__DATA FOR THE TASK__
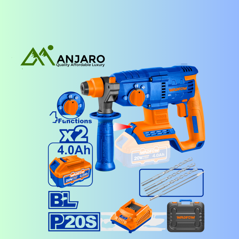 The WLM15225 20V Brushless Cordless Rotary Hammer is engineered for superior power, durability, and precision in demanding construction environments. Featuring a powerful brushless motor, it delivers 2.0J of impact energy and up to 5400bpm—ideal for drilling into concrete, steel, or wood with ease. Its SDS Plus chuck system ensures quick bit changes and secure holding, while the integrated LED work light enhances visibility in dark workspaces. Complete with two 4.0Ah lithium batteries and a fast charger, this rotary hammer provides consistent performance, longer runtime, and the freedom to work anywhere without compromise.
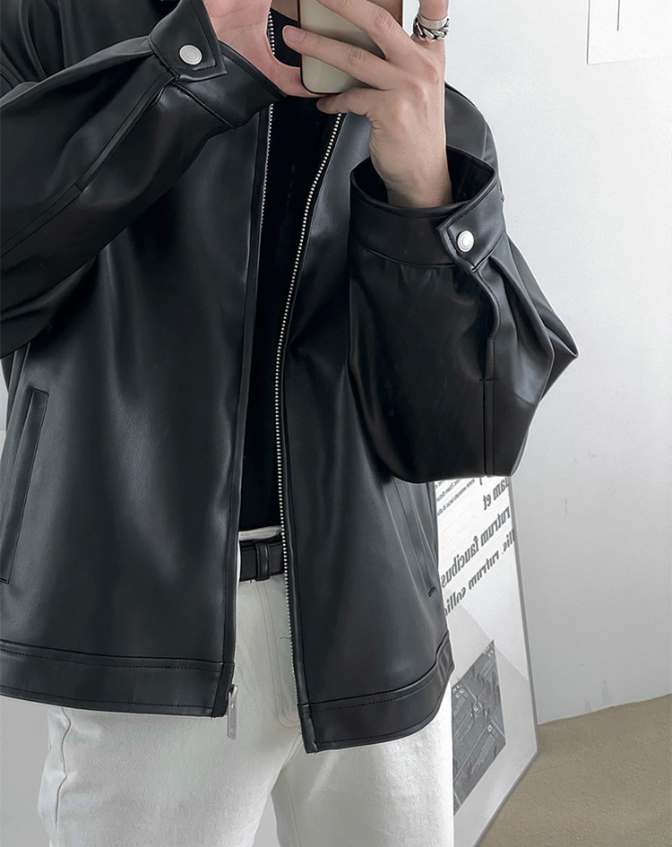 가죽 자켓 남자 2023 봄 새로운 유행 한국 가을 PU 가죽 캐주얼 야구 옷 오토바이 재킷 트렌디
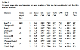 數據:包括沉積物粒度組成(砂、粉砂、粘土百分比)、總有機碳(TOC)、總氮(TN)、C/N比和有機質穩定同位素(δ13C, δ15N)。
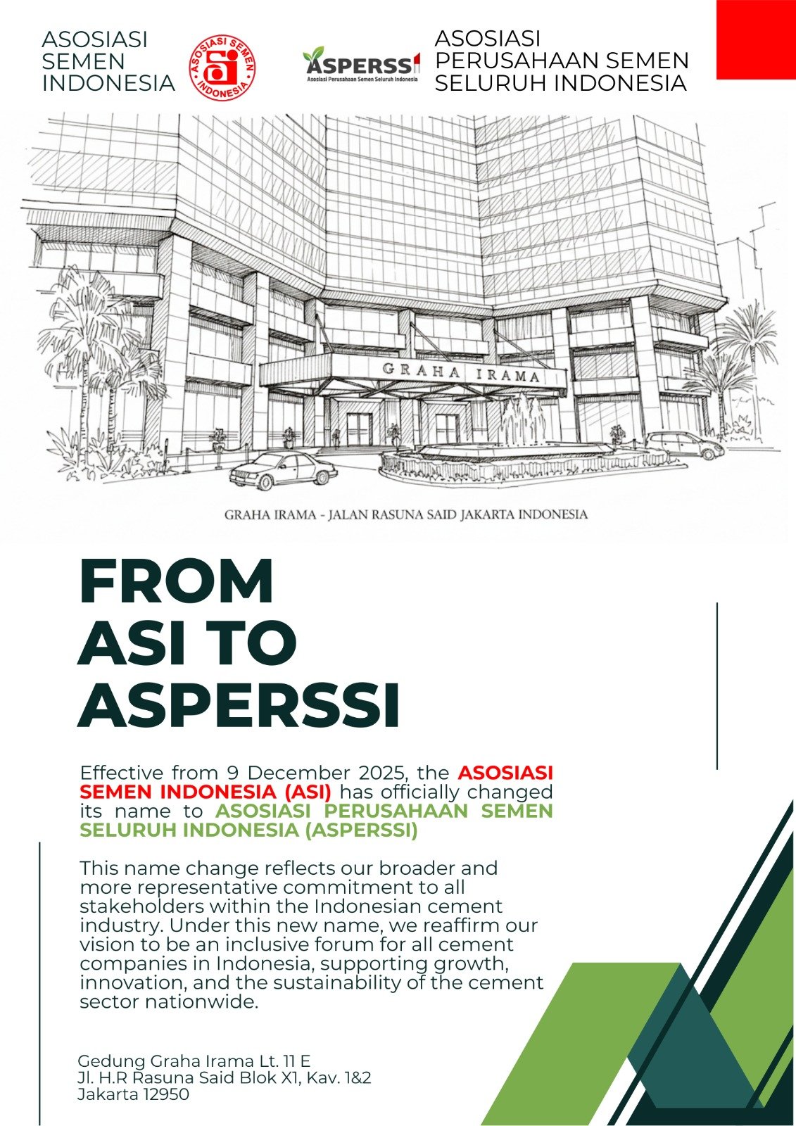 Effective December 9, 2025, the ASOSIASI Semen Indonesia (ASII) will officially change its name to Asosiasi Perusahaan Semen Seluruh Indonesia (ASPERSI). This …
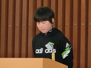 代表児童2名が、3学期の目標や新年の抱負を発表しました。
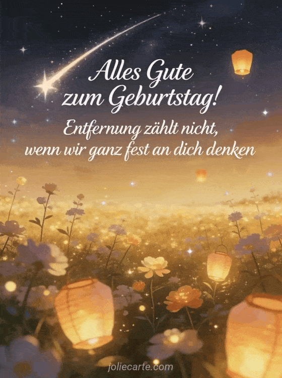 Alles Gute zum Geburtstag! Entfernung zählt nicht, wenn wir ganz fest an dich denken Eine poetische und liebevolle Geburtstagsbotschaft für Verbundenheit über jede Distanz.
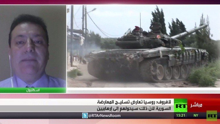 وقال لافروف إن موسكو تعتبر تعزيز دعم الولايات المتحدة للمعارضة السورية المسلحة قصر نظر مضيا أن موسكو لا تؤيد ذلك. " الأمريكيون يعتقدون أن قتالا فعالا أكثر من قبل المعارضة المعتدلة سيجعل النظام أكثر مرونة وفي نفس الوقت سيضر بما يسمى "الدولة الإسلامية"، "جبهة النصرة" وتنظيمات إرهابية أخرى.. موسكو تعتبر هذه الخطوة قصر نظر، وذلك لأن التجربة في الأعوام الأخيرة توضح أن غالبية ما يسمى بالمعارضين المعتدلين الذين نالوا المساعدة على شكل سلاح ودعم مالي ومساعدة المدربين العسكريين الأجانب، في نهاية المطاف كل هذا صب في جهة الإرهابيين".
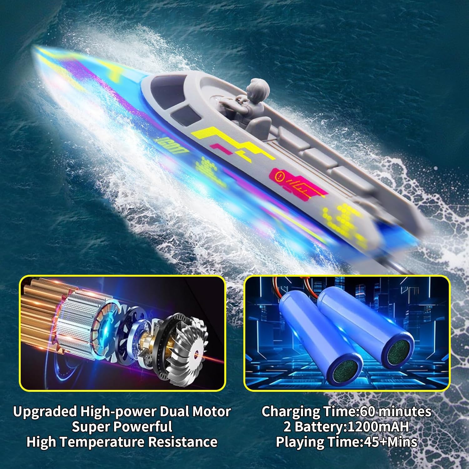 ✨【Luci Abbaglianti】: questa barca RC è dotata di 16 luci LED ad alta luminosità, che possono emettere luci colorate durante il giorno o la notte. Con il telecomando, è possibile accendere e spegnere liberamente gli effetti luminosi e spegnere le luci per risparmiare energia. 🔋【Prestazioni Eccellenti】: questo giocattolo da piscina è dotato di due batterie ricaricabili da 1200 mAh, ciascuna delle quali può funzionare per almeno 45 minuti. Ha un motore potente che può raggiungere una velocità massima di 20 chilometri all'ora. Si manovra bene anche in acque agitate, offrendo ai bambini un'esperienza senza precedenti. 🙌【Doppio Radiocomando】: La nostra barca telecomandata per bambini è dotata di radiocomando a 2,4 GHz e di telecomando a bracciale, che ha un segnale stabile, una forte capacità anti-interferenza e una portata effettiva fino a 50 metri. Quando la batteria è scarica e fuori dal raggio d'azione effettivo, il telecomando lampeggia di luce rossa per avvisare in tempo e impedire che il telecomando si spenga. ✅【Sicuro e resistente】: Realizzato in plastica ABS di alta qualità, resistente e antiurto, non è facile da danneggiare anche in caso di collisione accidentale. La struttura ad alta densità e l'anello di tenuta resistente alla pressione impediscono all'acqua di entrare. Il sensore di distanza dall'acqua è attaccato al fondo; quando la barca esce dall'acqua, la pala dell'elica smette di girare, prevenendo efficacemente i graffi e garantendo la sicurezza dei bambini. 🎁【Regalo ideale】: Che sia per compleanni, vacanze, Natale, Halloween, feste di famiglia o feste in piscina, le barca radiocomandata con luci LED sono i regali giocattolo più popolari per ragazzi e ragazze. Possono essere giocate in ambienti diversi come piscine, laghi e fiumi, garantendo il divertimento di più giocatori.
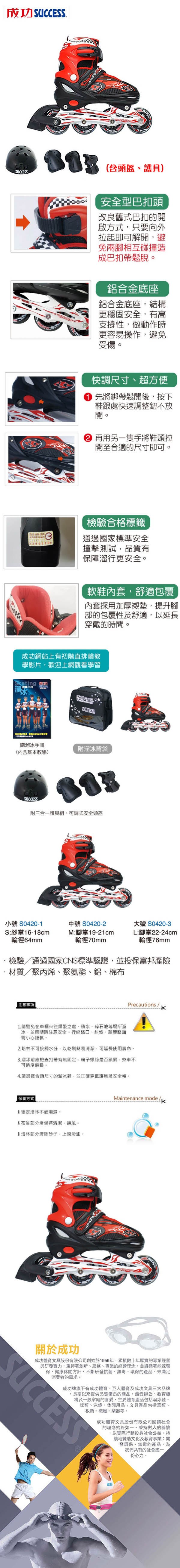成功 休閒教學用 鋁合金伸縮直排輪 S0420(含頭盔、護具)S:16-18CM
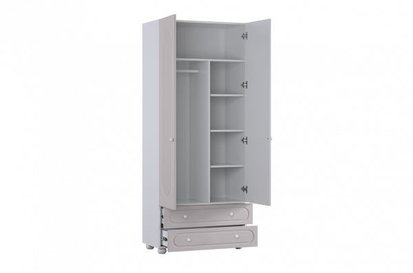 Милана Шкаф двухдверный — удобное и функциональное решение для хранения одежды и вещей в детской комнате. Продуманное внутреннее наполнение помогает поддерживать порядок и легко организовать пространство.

__EXERCISE BRIEF__
Repeat every entry exactly, but leave out the pictures.

__SOLUTION__
 The WLM15225 20V Brushless Cordless Rotary Hammer is engineered for superior power, durability, and precision in demanding construction environments. Featuring a powerful brushless motor, it delivers 2.0J of impact energy and up to 5400bpm—ideal for drilling into concrete, steel, or wood with ease. Its SDS Plus chuck system ensures quick bit changes and secure holding, while the integrated LED work light enhances visibility in dark workspaces. Complete with two 4.0Ah lithium batteries and a fast charger, this rotary hammer provides consistent performance, longer runtime, and the freedom to work anywhere without compromise.
 가죽 자켓 남자 2023 봄 새로운 유행 한국 가을 PU 가죽 캐주얼 야구 옷 오토바이 재킷 트렌디
 數據:包括沉積物粒度組成(砂、粉砂、粘土百分比)、總有機碳(TOC)、總氮(TN)、C/N比和有機質穩定同位素(δ13C, δ15N)。
 Effective December 9, 2025, the ASOSIASI Semen Indonesia (ASII) will officially change its name to Asosiasi Perusahaan Semen Seluruh Indonesia (ASPERSI). This …
 代表児童2名が、3学期の目標や新年の抱負を発表しました。
 Alles Gute zum Geburtstag! Entfernung zählt nicht, wenn wir ganz fest an dich denken Eine poetische und liebevolle Geburtstagsbotschaft für Verbundenheit über jede Distanz.
 وقال لافروف إن موسكو تعتبر تعزيز دعم الولايات المتحدة للمعارضة السورية المسلحة قصر نظر مضيا أن موسكو لا تؤيد ذلك. " الأمريكيون يعتقدون أن قتالا فعالا أكثر من قبل المعارضة المعتدلة سيجعل النظام أكثر مرونة وفي نفس الوقت سيضر بما يسمى "الدولة الإسلامية"، "جبهة النصرة" وتنظيمات إرهابية أخرى.. موسكو تعتبر هذه الخطوة قصر نظر، وذلك لأن التجربة في الأعوام الأخيرة توضح أن غالبية ما يسمى بالمعارضين المعتدلين الذين نالوا المساعدة على شكل سلاح ودعم مالي ومساعدة المدربين العسكريين الأجانب، في نهاية المطاف كل هذا صب في جهة الإرهابيين".
 ✨【Luci Abbaglianti】: questa barca RC è dotata di 16 luci LED ad alta luminosità, che possono emettere luci colorate durante il giorno o la notte. Con il telecomando, è possibile accendere e spegnere liberamente gli effetti luminosi e spegnere le luci per risparmiare energia. 🔋【Prestazioni Eccellenti】: questo giocattolo da piscina è dotato di due batterie ricaricabili da 1200 mAh, ciascuna delle quali può funzionare per almeno 45 minuti. Ha un motore potente che può raggiungere una velocità massima di 20 chilometri all'ora. Si manovra bene anche in acque agitate, offrendo ai bambini un'esperienza senza precedenti. 🙌【Doppio Radiocomando】: La nostra barca telecomandata per bambini è dotata di radiocomando a 2,4 GHz e di telecomando a bracciale, che ha un segnale stabile, una forte capacità anti-interferenza e una portata effettiva fino a 50 metri. Quando la batteria è scarica e fuori dal raggio d'azione effettivo, il telecomando lampeggia di luce rossa per avvisare in tempo e impedire che il telecomando si spenga. ✅【Sicuro e resistente】: Realizzato in plastica ABS di alta qualità, resistente e antiurto, non è facile da danneggiare anche in caso di collisione accidentale. La struttura ad alta densità e l'anello di tenuta resistente alla pressione impediscono all'acqua di entrare. Il sensore di distanza dall'acqua è attaccato al fondo; quando la barca esce dall'acqua, la pala dell'elica smette di girare, prevenendo efficacemente i graffi e garantendo la sicurezza dei bambini. 🎁【Regalo ideale】: Che sia per compleanni, vacanze, Natale, Halloween, feste di famiglia o feste in piscina, le barca radiocomandata con luci LED sono i regali giocattolo più popolari per ragazzi e ragazze. Possono essere giocate in ambienti diversi come piscine, laghi e fiumi, garantendo il divertimento di più giocatori.
成功 休閒教學用 鋁合金伸縮直排輪 S0420(含頭盔、護具)S:16-18CM
 Милана Шкаф двухдверный — удобное и функциональное решение для хранения одежды и вещей в детской комнате. Продуманное внутреннее наполнение помогает поддерживать порядок и легко организовать пространство.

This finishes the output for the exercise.